--- Work required ---
Skip the pictures and return every entry exactly as written.

--- Given entries ---
:::::

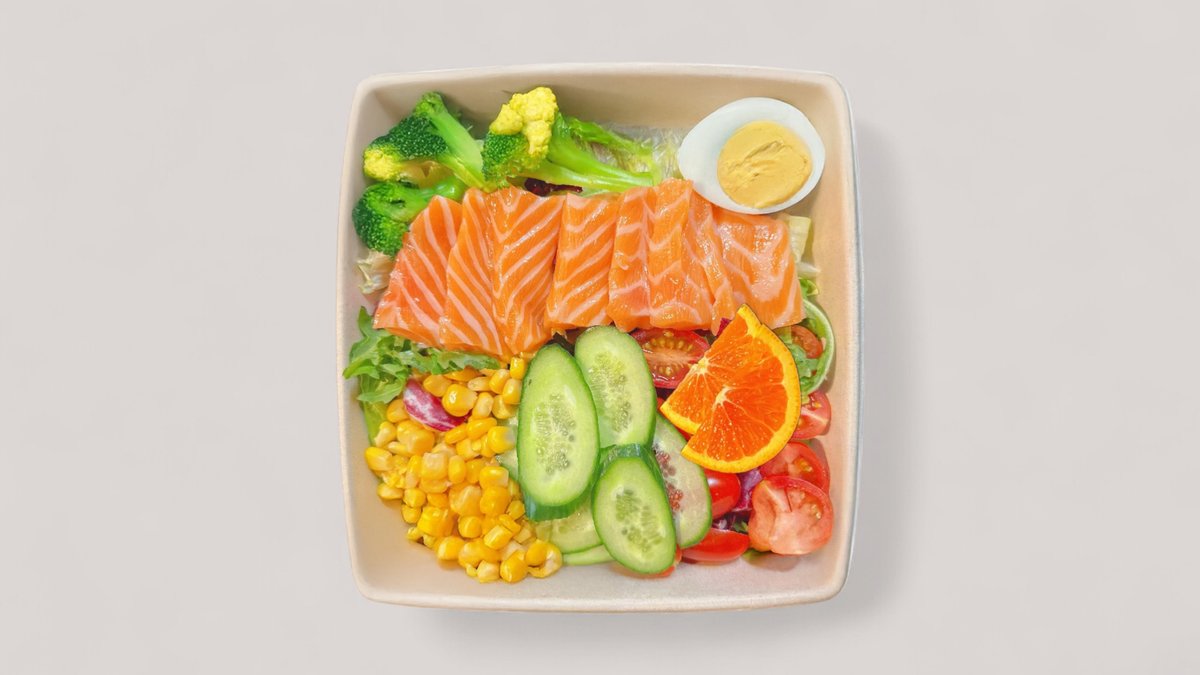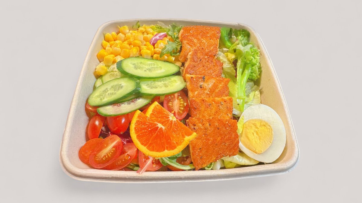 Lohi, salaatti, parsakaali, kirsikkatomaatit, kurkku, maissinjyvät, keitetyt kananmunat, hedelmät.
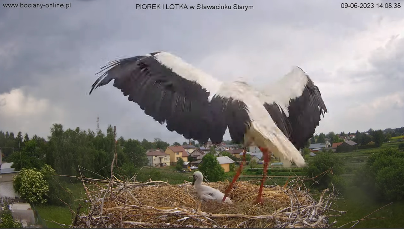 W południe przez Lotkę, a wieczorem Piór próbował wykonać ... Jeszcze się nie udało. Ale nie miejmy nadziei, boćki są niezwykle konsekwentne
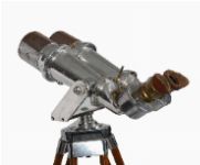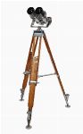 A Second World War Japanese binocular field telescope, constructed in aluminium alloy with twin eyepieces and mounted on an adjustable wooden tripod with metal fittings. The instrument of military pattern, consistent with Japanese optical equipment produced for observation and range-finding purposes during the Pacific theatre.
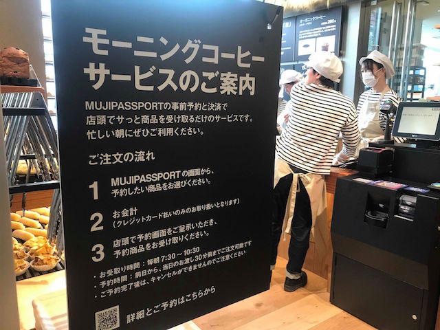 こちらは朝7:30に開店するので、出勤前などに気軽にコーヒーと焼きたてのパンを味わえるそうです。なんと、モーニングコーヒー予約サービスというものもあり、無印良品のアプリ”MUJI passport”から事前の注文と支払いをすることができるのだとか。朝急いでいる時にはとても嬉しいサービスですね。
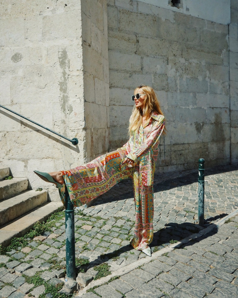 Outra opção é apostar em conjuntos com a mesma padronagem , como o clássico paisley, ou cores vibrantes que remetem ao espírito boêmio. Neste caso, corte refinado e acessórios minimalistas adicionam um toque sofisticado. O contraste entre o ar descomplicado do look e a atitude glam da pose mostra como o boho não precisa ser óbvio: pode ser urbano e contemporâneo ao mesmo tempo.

:::::

--- Task answer ---
 Lohi, salaatti, parsakaali, kirsikkatomaatit, kurkku, maissinjyvät, keitetyt kananmunat, hedelmät.
 W południe przez Lotkę, a wieczorem Piór próbował wykonać ... Jeszcze się nie udało. Ale nie miejmy nadziei, boćki są niezwykle konsekwentne
 A Second World War Japanese binocular field telescope, constructed in aluminium alloy with twin eyepieces and mounted on an adjustable wooden tripod with metal fittings. The instrument of military pattern, consistent with Japanese optical equipment produced for observation and range-finding purposes during the Pacific theatre.
 こちらは朝7:30に開店するので、出勤前などに気軽にコーヒーと焼きたてのパンを味わえるそうです。なんと、モーニングコーヒー予約サービスというものもあり、無印良品のアプリ”MUJI passport”から事前の注文と支払いをすることができるのだとか。朝急いでいる時にはとても嬉しいサービスですね。
 Outra opção é apostar em conjuntos com a mesma padronagem , como o clássico paisley, ou cores vibrantes que remetem ao espírito boêmio. Neste caso, corte refinado e acessórios minimalistas adicionam um toque sofisticado. O contraste entre o ar descomplicado do look e a atitude glam da pose mostra como o boho não precisa ser óbvio: pode ser urbano e contemporâneo ao mesmo tempo.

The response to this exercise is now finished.